Partnerships like these are already active in Norman, Oklahoma, and are planned to be put in place in more states across the western United States.
With the Integrated Warning Team in place, Tolby said that they have been able to reduce the time to issue a fire warning “from somewhere around an hour-and-a-half down to less than 10 minutes.”
Tolby hopes that these new technologies will help reduce the damage caused by extreme weather scenarios like those that have devastated Colorado, like the 2021 Marshall Fire which destroyed over 1000 homes not far from the NOAA’s office in Boulder.
The team is still writing up their final reports on the two most recent tests, which will then be passed on to NESDIS and the NWS to help them further improve and better implement the Next Generation Fire System and the Integrated Warning Team.
Tolby said that the Fire Weather Testbed are already underway on their next round of evaluations, and announced — in news breaking here on Rocky Mountain PBS — the arrival of the U.S. Forest Service’s WindNinja, an innovative wind measurement tool that more accurately answers which direction wind is blowing and wind strength from valleys to mountain tops.
Mixed in the nearly two dozen evaluators that participated in the Fire Weather Testbed were a handful of social scientists which Tolby described as essential to the process.
By matching NOAA meteorological scientists with sociologists, the team was able to evaluate each technology and system from the perspective of a scientist and from the perspective of the end user, according to Tolby.
“Especially in these very uncertain decision spaces, you can’t solely rely on technical or quantitative information, especially given the uncertainty and range of possible outcomes,” said Emily Wells, a social decision scientist from Colorado State University’s Cooperative Institute for Research in the Atmosphere.
Wells is one of the social scientists serving on the Fire Weather Testbed’s User Needs Assessment team.

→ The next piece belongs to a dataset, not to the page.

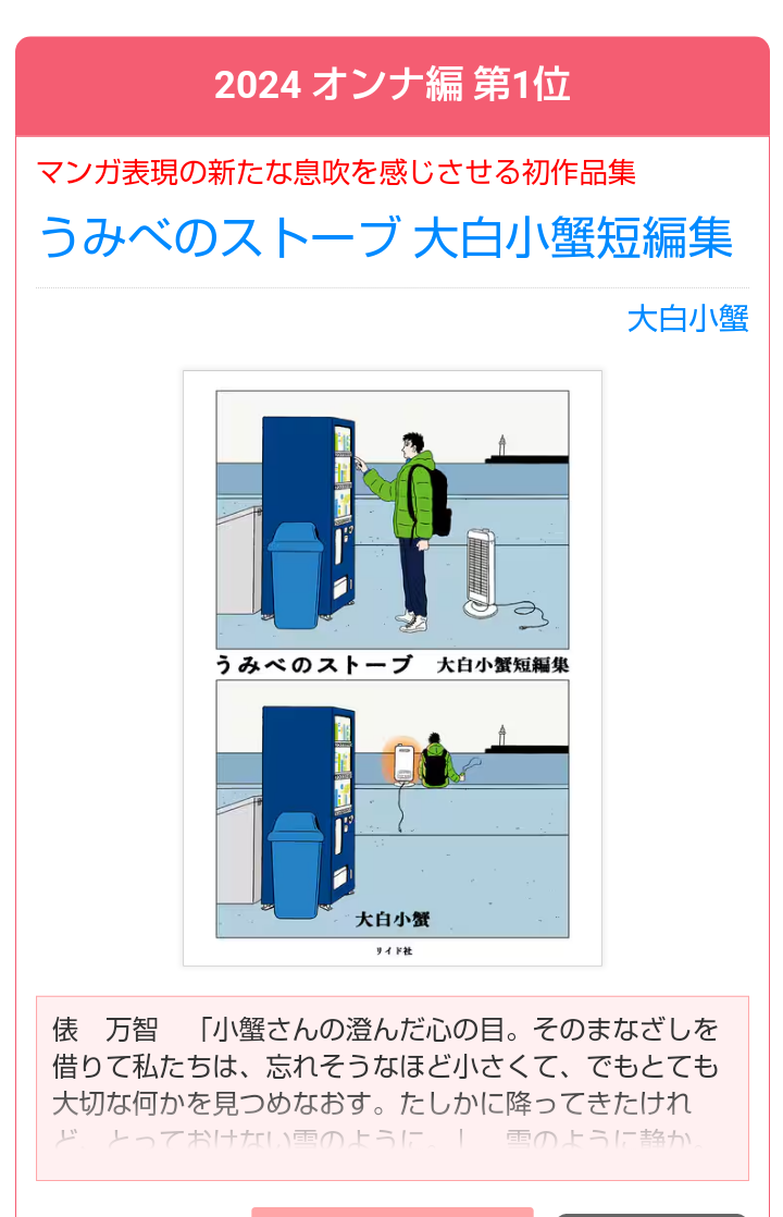 | … | 72無念Nameとしあき24/08/30(金)16:01:25No.1250532147コミックス部門はノミネート作から3作選ぶのが難しいくらい |

In short, she is responsible for talking with end users of the Fire Weather Testbed’s technologies in order to determine the questions that the Testbed needs to ask during evaluations.
She and her colleague, Dr. Ben Hatchett, have engaged directly with incident meteorologists, land managers and other fire partners to best understand how the Testbed’s technologies are operating in context and in real-time.
Wells said that fire partners have appreciated talking to researchers and being involved in the conversations that would end up impacting them and their field work.
“Having those conversations up front and at the forefront of product development can really help facilitate how these technologies are applied… and helping bridge the research gap to make the end users’ lives easier,” said Wells.
Wells is planning on completing firefighter training in the near future.
Before joining the Testbed, Tolby worked as an incident meteorologist (IMT), work which put him on the ground, side-by-side with firefighters battling blazes in the western United States.
“What I really realized is that the tools and technology we currently have really weren’t sufficient to answer the questions that incident commanders and operations folks out fighting a wildfire needed answered,” he said.
Fire strength, wind speed, wind shift and information on future weather conditions are all critical to fighting fires and necessary to ensure the safety of the firefighters themselves.
“There’s a lot of need right now for new tools and technology,” said Tolby, “and so I feel like we really have an opportunity to make some really positive change in society around wildfires and fire weather forecasting.”
“And to help transition things into the real world and make a real impact. So that’s really rewarding.”